第15話 洋服の仕立てと不安の種

「さあ、アリス様。どんなお洋服が必要なのかしら?」

マダムがめがねを掛けながら満面の笑みを浮かべている。

金鎖がついた華奢なめがねだ。持っているもののセンスがいちいち良い。

娘のディワーリはアイドルオタクで、母のサムージャは服オタクなのかもしれない。

趣味の話をしている時の爛々とした怖い目が、ふたりとも全く同じ光り方をしている。

「肌寒い時に一枚羽織るものが欲しいの」

「羽織りものね。どんな形のどんな色のものが欲しい?」

マダムは棚から薄いニット生地を色々と取り出した。

手にとってよく見てみるが、生地も前の世界のものと、さほど変わらなそうだ。

「特に好みがあるわけではないから、お任せしてもいい?」

わたしが生地から手を離してそう言うと、マダムは眉をひそめた。

「好みがないのでしたら、お手持ちのお洋服と合わせて仕立てましょう」

「それなら今着ている服に合わせてもらえればいいわ」

マダムがわたしの服を上から下までじーっとみる。

わたしは薄いピンク色の長袖ブラウスに、黒い膝丈のスカートという服装だ。

穴に落ちた日の朝から着たままなので、そろそろ洗濯したい。

この世界の女性にしてはスカート丈が短くて、生地の使い方が貧相だろうが、シルエットは大きくかけ離れてはいない。そこまで非常識ではないだろう。

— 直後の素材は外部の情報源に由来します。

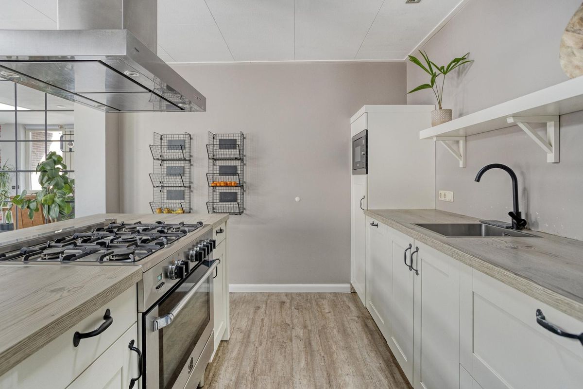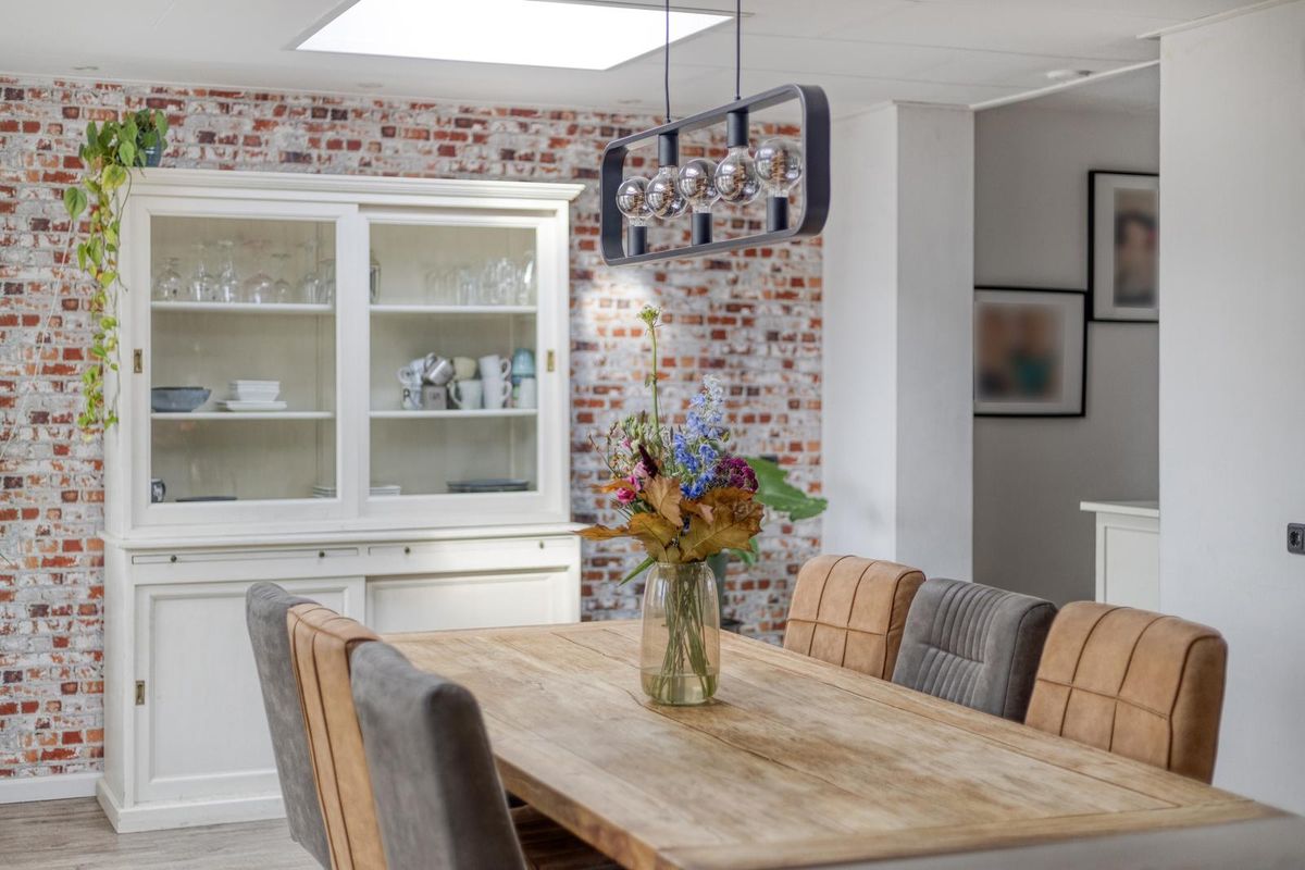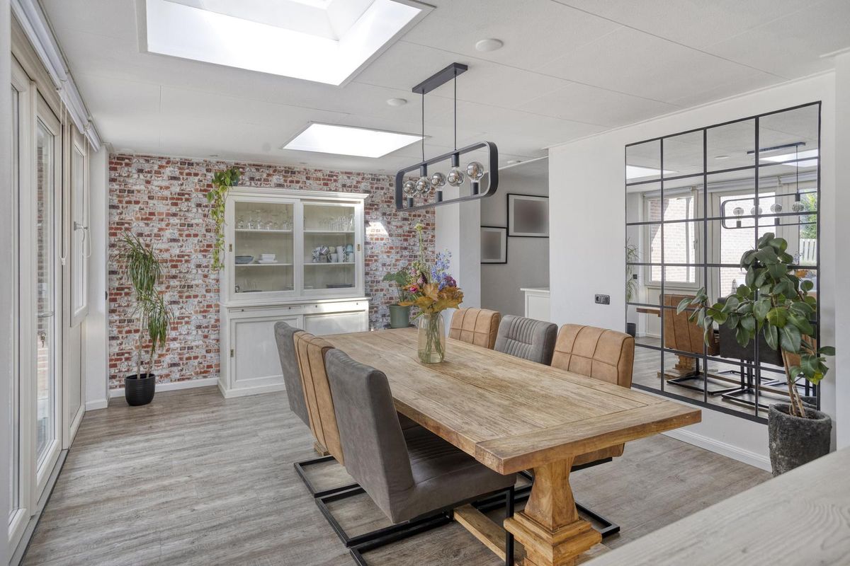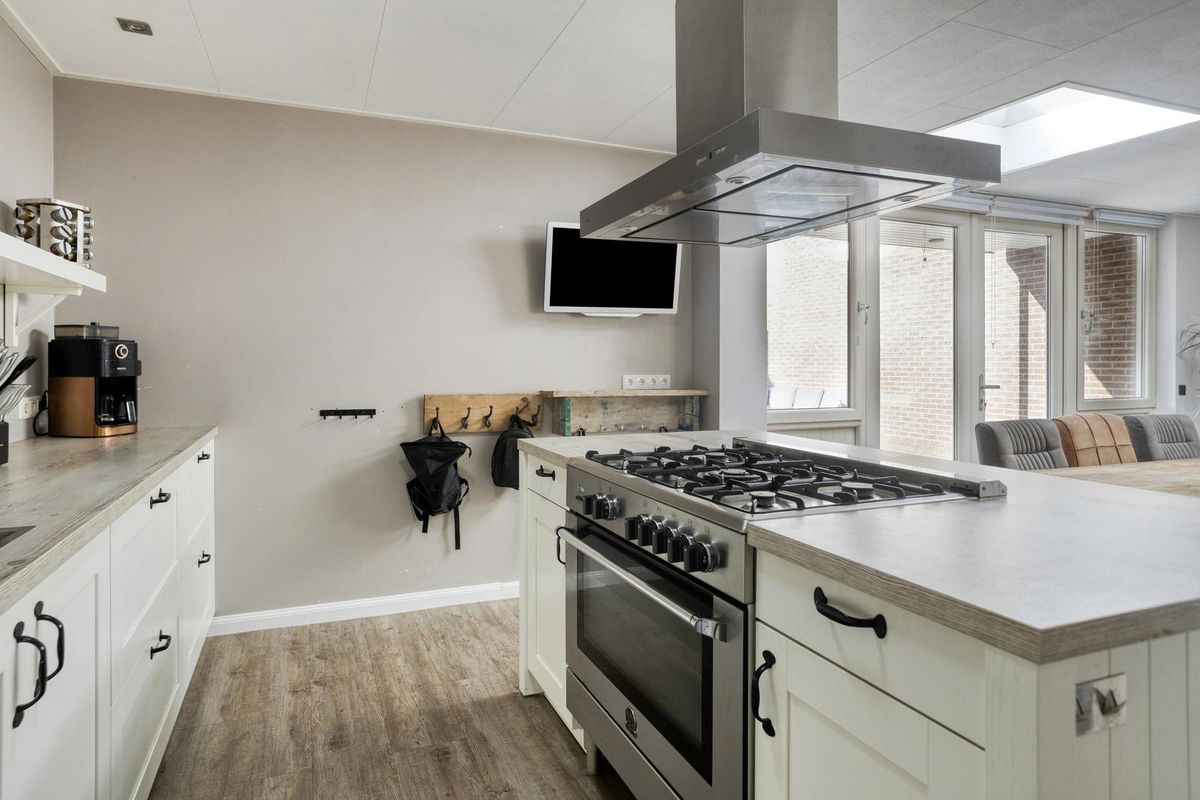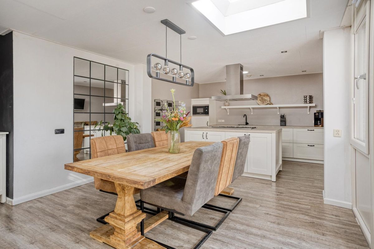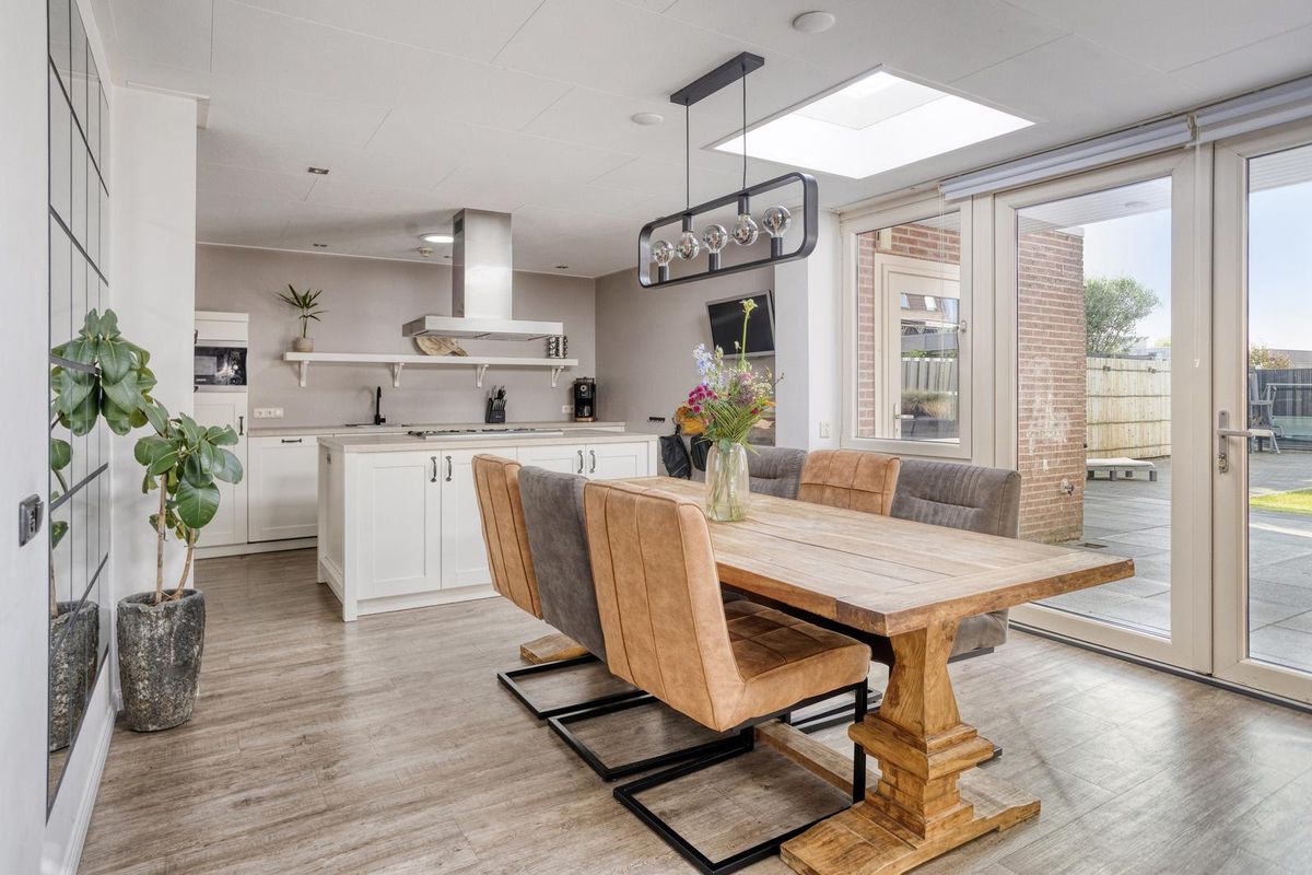 De half-open keuken is aan de achterzijde van de woning gelegen. huis. Dankzij de brede uitbouw aan de achterzijde geniet je hier van extra leefruimte en een prachtige lichtinval door de grote raampartijen en lichtkoepels. Tevens zijn er in de achtergevel openslaande deuren naar het zonneterras geplaatst. Het betreft hier een echte woonkeuken met ruimte voor een grote eettafel waar het hele gezin kan samenkomen.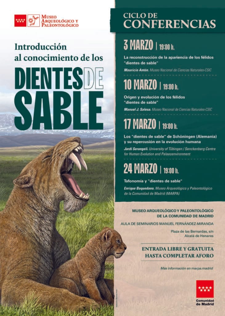 En el mes de marzo, el Museo Arqueológico y Paleontológico de la Comunidad de Madrid (MARPA) organiza el ciclo de conferencias Introducción al conocimiento de los “dientes de sable”, en el marco de la exposición temporal “Dientes de sable”, que podrá visitarse hasta el 25 de octubre de 2026. Esta serie de charlas científicas está dedicada a uno de los grupos de carnívoros más fascinantes de la prehistoria: los félidos “dientes de sable”. A lo largo de cuatro sesiones, destacados especialistas abordarán su apariencia, origen, evolución, comportamiento y relación con la evolución humana.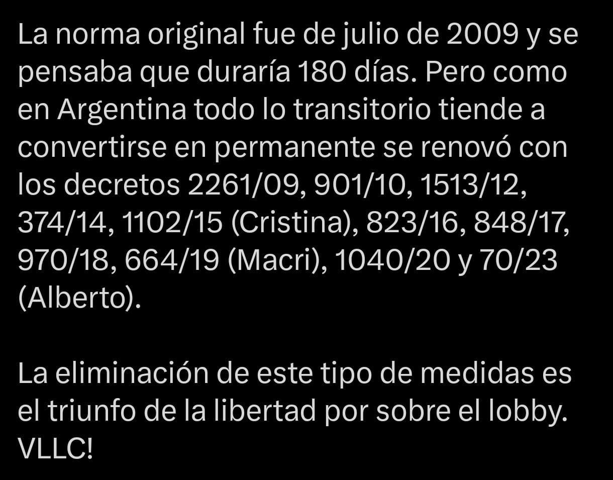 Luego de hacer pública esta decisión y vencido el plazo de 180 días que se estableció originalmente, las diferentes gestiones que siguieron prorrogaron su aplicación. Tal como lo señala Federico Sturzenegger, “se renovó con los decretos 2261/09, 901/10, 1513/12, 374/14, 1102/15 (Cristina), 823/16, 848/17, 970/18, 664/19 (Macri), 1040/20 y 70/23 (Alberto)”.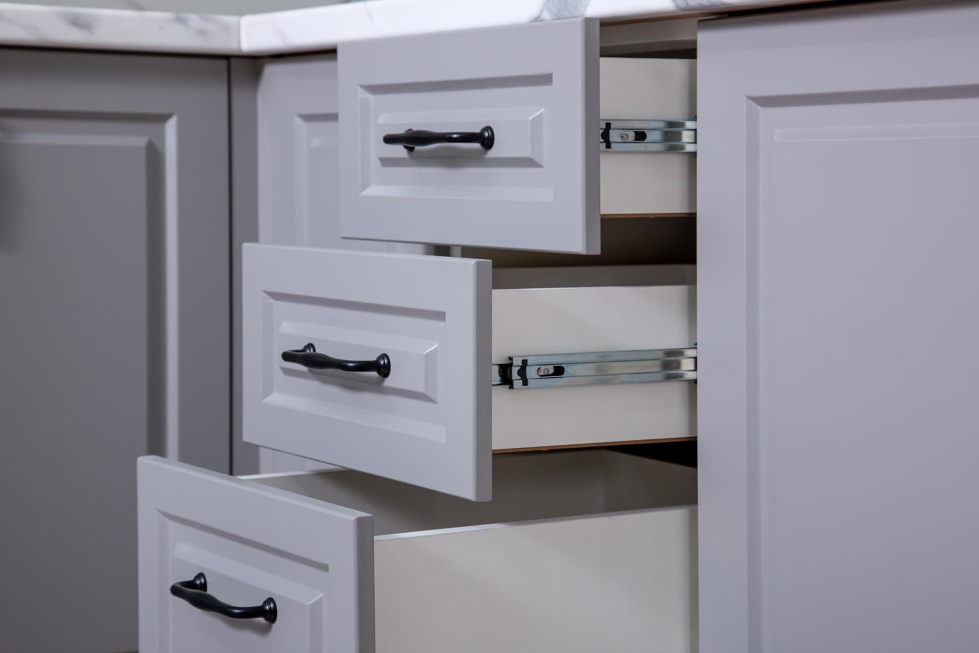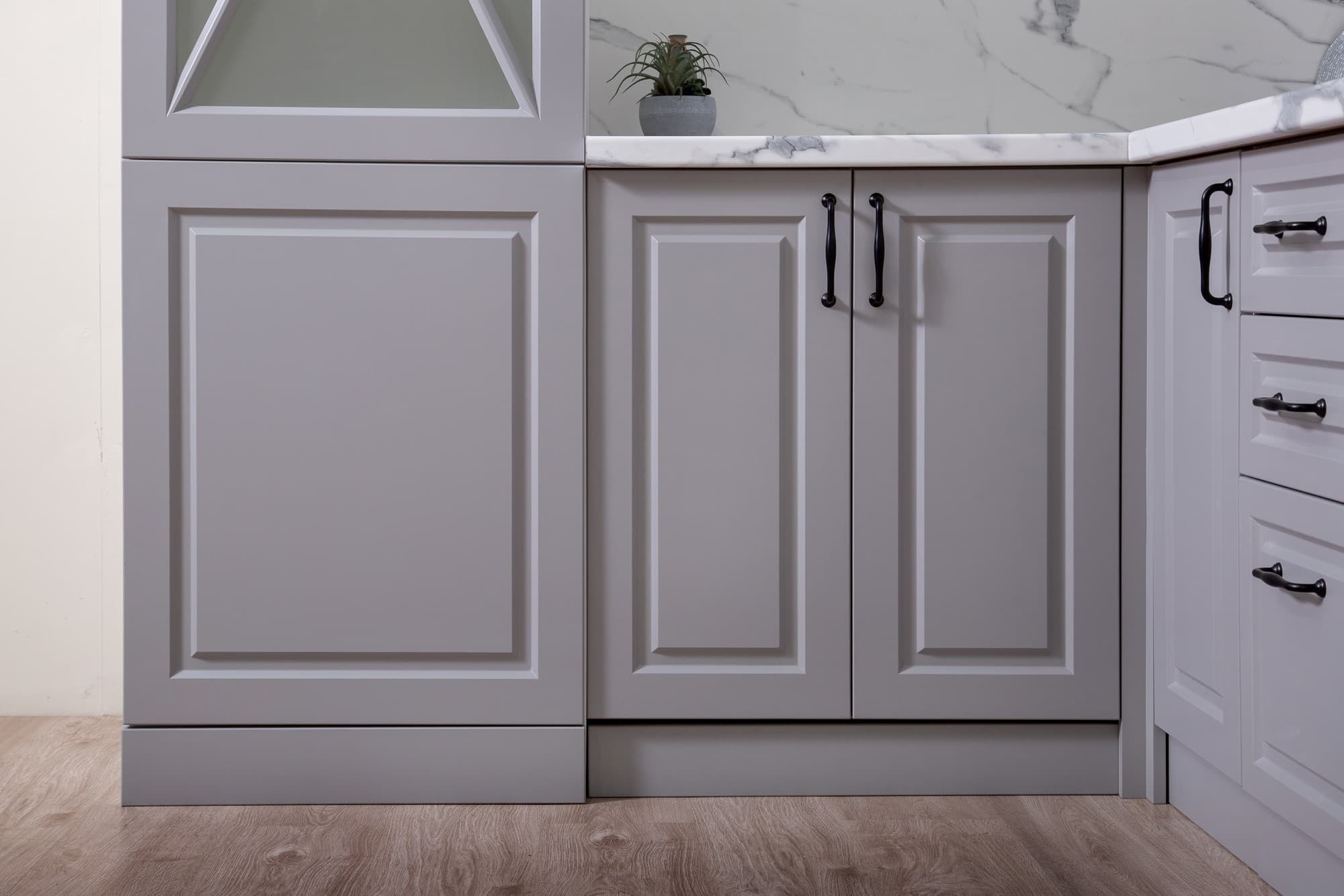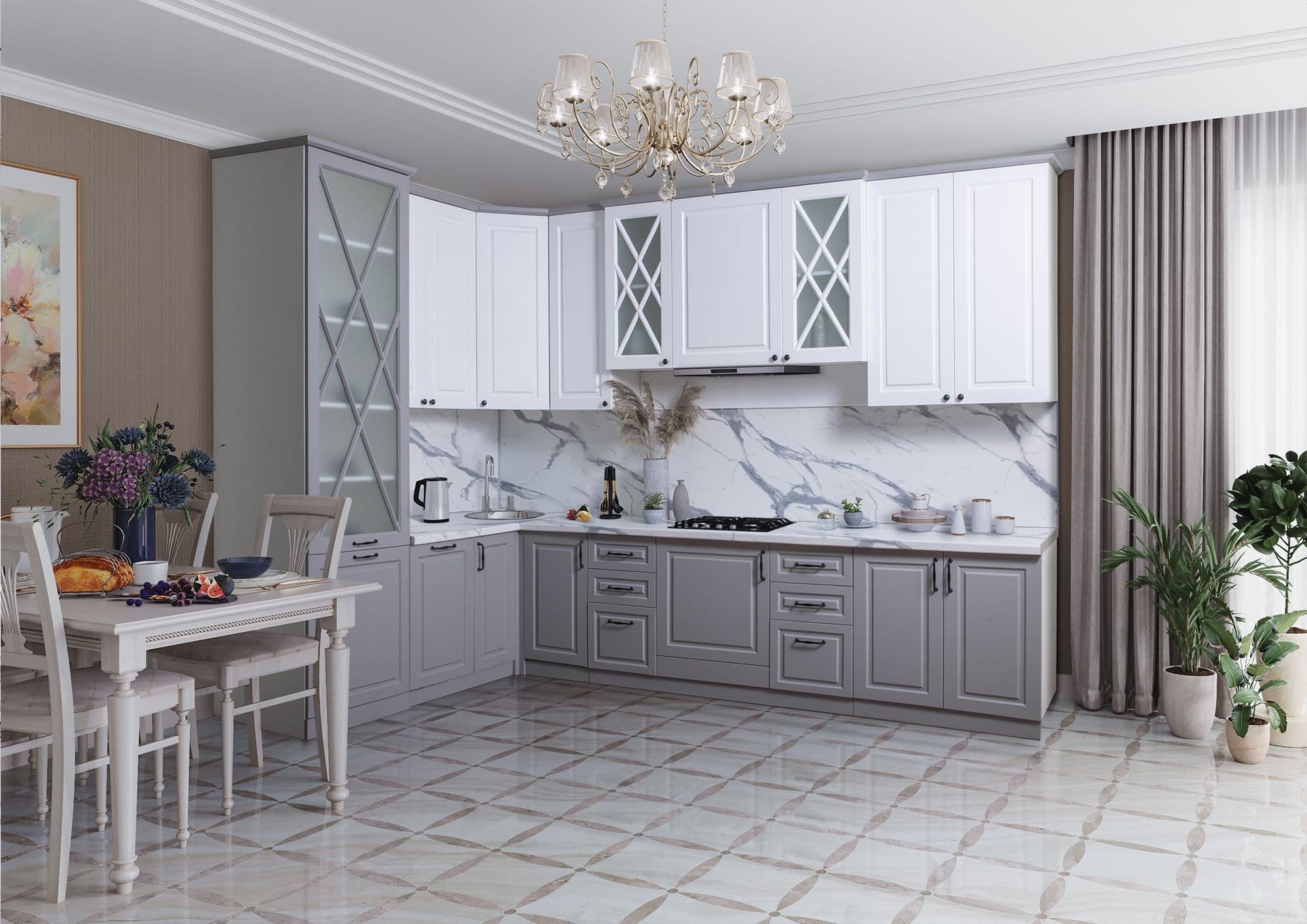 Угловая кухня «Виктория» в элегантном дуэте «Седая ночь» — идеальное сочетание белого и серого для создания утонченной атмосферы. Ее лаконичные линии и матовая эмаль фасадов (ЛМДФ с фрезеровкой) органично впишутся в современный, скандинавский или минимализм стиль, привнося ощущение простора и порядка.

穴に落ちた時、デニムとか履いていないで本当に良かった。

「他のお洋服で多い色はどんなものかしら?」

マダムはわたしの肩にニット生地をかけて、顔色と色味を比べながらそう聞いた。

「持っているのはこれだけよ」

そう言った途端、マダムが持っていた生地を落とした。

ボンボン…と転がる生地を侍女が慌てて拾いに走る。

顔が真っ青だ。

「まさか。これだけですって…?」

唇がわなわな震えている。瞳孔が開ききっていて、顔が怖い。

「そ、そうなの。なにも荷物がなくて」

マダムが額に手を当てて、くらりとよろめいた。

「ママ!しっかり!」

同じく青い顔をしたディワーリがマダムの肩を支える。

「ママ、大丈夫?」

「ええ……ありがとう、ディワーリ。私、私……!アリス様があまりにお可哀想で……」

「そうよね。わかるわ。こんな粗末なお洋服だけで、他の荷物が何もないだなんて、よっぽど大変な思いをされたのでしょうね」

最後にふたりは、声を揃えて「お可哀想に……!」と涙した。

わたしの一軍通勤服は、粗末だと言われてしまった。だがお芝居を見ているようで、眺めている分にはとても面白い。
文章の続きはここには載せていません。